X-ray-binary spectra in the lamp post model

TL;DR

This study models the X-ray spectra of black-hole binaries using a lamp post geometry, emphasizing the importance of angle-dependent local spectra and thermal emission in accurately reproducing observed features.

Contribution

It provides a comprehensive GR-based computation of the reprocessed spectrum, including the thermal bump, highlighting the significance of angle dependence and thermal emission effects.

Findings

Angle dependence of the local spectrum significantly affects the reprocessed spectrum.

High spin leads to high inner disk temperatures, influencing spectral features.

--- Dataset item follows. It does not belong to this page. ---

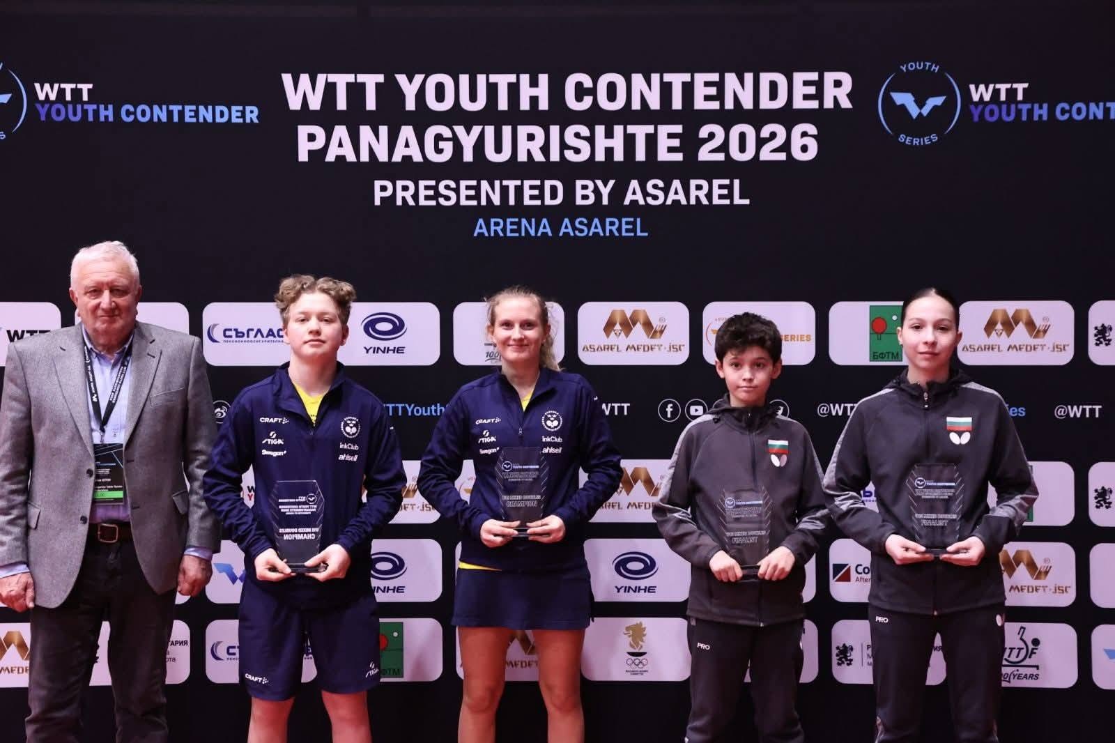Йоан Величков триумфира като шампион на WTT Youth Contender Panagyurishte 2026, съобщиха от дупнишкия клуб по тенис на маса “Марек Дигеста спорт”. Стефан Бончев спечели бронзов медал в индивидуалната надпревара до 15 години и завоюва сребро в смесените двойки, а най-младият представител на отбора Николай Иванов също остави отлични впечатления със своето представяне.

Thermal bump can alter the observed iron-line complex substantially.

Abstract

[Abridged] Context. The high-energy radiation from black-hole binaries may be due to the reprocessing of a lamp located on the black hole axis, emitting X-rays. The observed spectrum is made of 3 components: the direct spectrum; the thermal bump; and the reflected spectrum made of the Compton hump and the iron-line complex. Aims. We aim at computing accurately the complete reprocessed spectrum (thermal bump + reflected) of black-hole binaries over the entire X-ray band. We also determine the strength of the direct component. Our choice of parameters is adapted to a source showing an important thermal component. Methods. We compute in full GR the illumination of a thin disk by a lamp along the rotation axis. We use the ATM21 radiative transfer code to compute the spectrum emitted along the disk. We ray trace this local spectrum to determine the reprocessed spectrum as observed at infinity. We discuss the dependence of the local and ray-traced spectra on the emission angle and spin. Results. We show the importance of the angle dependence of the total disk specific intensity spectrum emitted by the illuminated atmosphere when the thermal disk emission if fully taken into account. High spin implies high temperature in the inner regions, so the emitted thermal disk spectrum covers the iron-line complex. As a result we locally observe absorption lines produced in the hot disk atmosphere. Absorption lines are narrow and disappear after ray tracing the local spectrum. Conclusions. Our results mainly highlight the importance of considering the angle dependence of the local spectrum when computing reprocessed spectra, as was already found in a recent study. The main new result of our work is to show the importance of computing the thermal bump of the spectrum, as this feature can change considerably the observed iron-line complex.